To test if Google does any Optical Character Recognition (OCR) on images found on websites and uses that information in it’s index I wanted to run a small experiment. So I published an article with new images contain some simple text and waited to see if the page would rank for the words on the images.
To generate a topic I used the Random Article button on Wikipedia. After a couple of tries I landed on the interesting story of Vladimir Komarov. A Russian cosmonaut whose lively tragically came to and during a mission making him the first man to die in a space flight.
To test if my article would rank for the words I mashed some keywords together to create unique, gibberish, words.

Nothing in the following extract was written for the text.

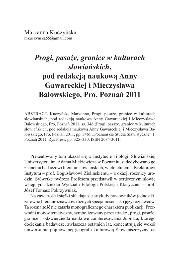 325 Marzanna Kuczyńska [email protected] Progi, pasaże, granice w kulturach słowiańskich, pod redakcją naukową Anny Gawareckiej i Mieczysława Balowskiego, Pro, Poznań 2011 ABSTRACT. Kuczyńska Marzanna, Progi, pasaże, granice w kulturach słowiańskich, pod redakcją naukową Anny Gawareckiej i Mieczysława Balowskiego, Pro, Poznań 2011, ss. 346 (Progi, pasaże, granice w kulturach słowiańskich, pod redakcją naukową Anny Gawareckiej i Mieczysława Balowskiego, Pro, Poznań 2011, pp. 346). „Poznańskie Studia Slawistyczne” 1. Poznań 2011. Rys Press, pp. 325–330. ISSN 2084-3011. Prezentowany tom ukazał się w Instytucie Filologii Słowiańskiej Uniwersytetu im. Adama Mickiewicza w Poznaniu, zadedykowano go znanemu badaczowi literatur słowiańskich, wieloletniemu dyrektorowi Instytutu – prof. Bogusławowi Zielińskiemu – z okazji rocznicy urodzin. Sylwetkę twórczą Profesora przedstawił w serdecznym słowie wstępnym dziekan Wydziału Filologii Polskiej i Klasycznej – prof. Józef Tomasz Pokrzywniak. Na zawartość książki składają się artykuły pracowników jednostki, zarówno literaturoznawców różnych specjalności, jak i językoznawców. Ta rozmaitość nie zatarła monograficznego charakteru publikacji. Przewodni motyw tematyczny, symbolizowany przez triadę: „progi, pasaże, granice”, odzwierciedla naukowe zainteresowania Jubilata, którego dociekania badawcze, zwłaszcza ostatnich lat, koncentrują się wokół uniwersalnie pojmowanej geografii kulturowej Słowiańszczyzny, na 326 Marzanna Kuczyńska obszarach której dochodzi do styku, wzajemnego oddziaływania i/lub przenikania narodowych kultur i literatur w całym ich historycznym zróżnicowaniu. Ale jest to równocześnie terytorium, gdzie manifestacyjnie dają o sobie znać procesy separatystyczne, postawa odgradzania się od dawnych sąsiadów, współobywateli, współuczestników jednej (wspólnej) kultury. Niegdysiejsze miejsca wspólne w najbardziej jaskrawy sposób zaczynają w nowych konfiguracjach uobecniać toposy odrębnie stematyzowane, wyrażać wzajemną obojętność czy wręcz niechęć. Autorzy prac zebranych w tomie Progi, pasaże, granice podejmują wysiłek rejestracji i analizy omawianych zjawisk na przestrzeni dziejów. Materiał treściowy podzielony jest na cztery niezależne części, porządkowane według kryterium chronologiczno-tematycznego: 1. Sacrum i profanum; 2. Meandry tożsamości; 3. Postmodernistyczne pasaże; 4. Progi i granice w mowie i piśmie. Część pierwsza obejmuje teksty związane z epoką bałkańskiego średniowiecza oraz epickim piśmiennictwem folkloru. Paweł Dziadul przedstawia serbskie koncepcje ideologiczne, oparte na biblijnej zasadzie wybraństwa, jakie uformowały się pod wpływem nastrojów eschatologicznych odczuwanych w regionie w okresie tureckiego podboju Bałkanów (Na granicy „tego wieku” i „przyszłego wieku”. Atmosfera „końca czasów” w „Żywocie Stefana Lazarevicia” Konstantyna Filozofa Kosteneckiego). Izabela Lis-Wielgosz bada rolę pamięci jako swoistego „narzędzia” przechowywania i środka przekazywania centralnych serbskich wartości państwowo-religijno-kulturowych (Pamięć jako granica o(d)porności kultury). Obszar Serbii pozostaje w polu zainteresowania Marioli Walczak-Mikołajczakowej, Przestrzenie i granice w „Żywocie świętego męczennika spośród carów”, Stefana Serbskiego z Deczan. Autorka omawia pod kątem funkcjonalnym sfery sacrum i profanum wyróżniane przez bułgarskiego hagiografa Grzegorza Cambłaka, w świętej biografii serbskiego władcy. Wojciech Jóźwiak skupia się na artystycznej interpretacji początków narodowej historii, proponowanej przez bułgarskich prozaików, którzy przeprowadzają radykalną często konfrontację między pogańską a chrześcijańską tradycją najstarszej epoki funkcjonowania państwa, dowodząc nadrzędności pierwszej wobec drugiej – lub odwrotnie (Chrzest Bułgarii – próba Progi, pasaże, granice w kulturach słowiańskich... 327 bilansu korzyści i strat na podstawie bułgarskiej prozy historycznej). Tekst Moniki Obojskiej dotyczy kwestii mentalnej granicy wolności i zniewolenia w sytuacji wielopoziomowego zróżnicowania etniczno‑religijnego społeczeństwa imperium osmańskiego (Z niewolnictwa do wolności i odwrotnie. Dychotomiczny obraz jednostki zniewolonej na przykładzie wybranych bohaterskich pieśni epickich bośniackich muzułmanów). Druga część książki poświęcona jest zagadnieniom tożsamości narodowej. Trzy artykuły – pióra Anny Gawareckiej, Urszuli Kowalskiej i Jana Pešiny – dotyczą problematyki czeskiej. Autorzy prezentują sylwetki osobowe, postawy świadomościowe, strategie ideologiczne, zbieżne lub odmienne formy działania, obecne zarówno w życiu, jak i w sztuce czeskiej w momentach historycznych przełomów – epoki odrodzenia narodowego (Intryga czy miłość, czyli jak (nie)zostać budzicielem (wokół powieści Vladimíra Macury „Informátor”), czasu zrywów lat 1968 i 1989 (Pokolenie 68-89. Pokolenie dwóch przełomów, pokolenie dwóch dat, pokolenie graniczne) oraz polityczno-kulturowych przesileń zachodzących na przestrzeni całej historii Czech (Od tradycji duchowej do tradycji świeckiej. Historyczne metamorfozy czeskiego dziedzictwa świętowacławskiego). Lech Miodyński wskazuje znaczenie realnych oraz metaforycznych dróg, czy może lepiej – „przejść”, dla świadomości pewnego rodzaju strefy „zamkniętej”, jaką jest tu współczesna Macedonia, rozczłonkowana geograficznie i okrojona terytorialnie (Symboliczny korytarz międzystrefowy macedońskiej geosfery). Artykuł Krystyny Pieniążek-Marković nie zostawia złudzeń, iż wyjście poza własną, oswojoną przestrzeń narzuca konieczność weryfikacji, przyjmowanych zwykle a priori, idealistycznych wyobrażeń o „innym”, zwłaszcza gdy traktuje się je jak „swoje”, niezależnie od kons

I overlayed these words on cropped images creating images varying levels of difficulty.
To make sure Google’s software could actually read my images I tested it with the OCR feature on Google Documents. I uploaded an image to Google Drive and selected
Open With ->
Google Documents. This creates a new document with the image and the extracted text. Yes, Google could accurately read my unique images!
I created a new WordPress blog, wrote an article about Komarov, included my images without any
title tags to encourage Google to look further and waited about two weeks…
Does Google do OCR on images on the web? No. At least, not as of now.
The article about Komarov was indexed in Google but my gibberish words never showed up in Google. The technology is certainly there but due to the sheer size of the web (hundreds of billions of pages) it’s likely too resource intensive.
What can you learn from this?
Optimize images for search engines is still fairly straight forward. You need good alt- and title text, descriptive filenames and if possible a caption. You don’t yet have to worry about more advanced strategies but I do expect this will change in the future.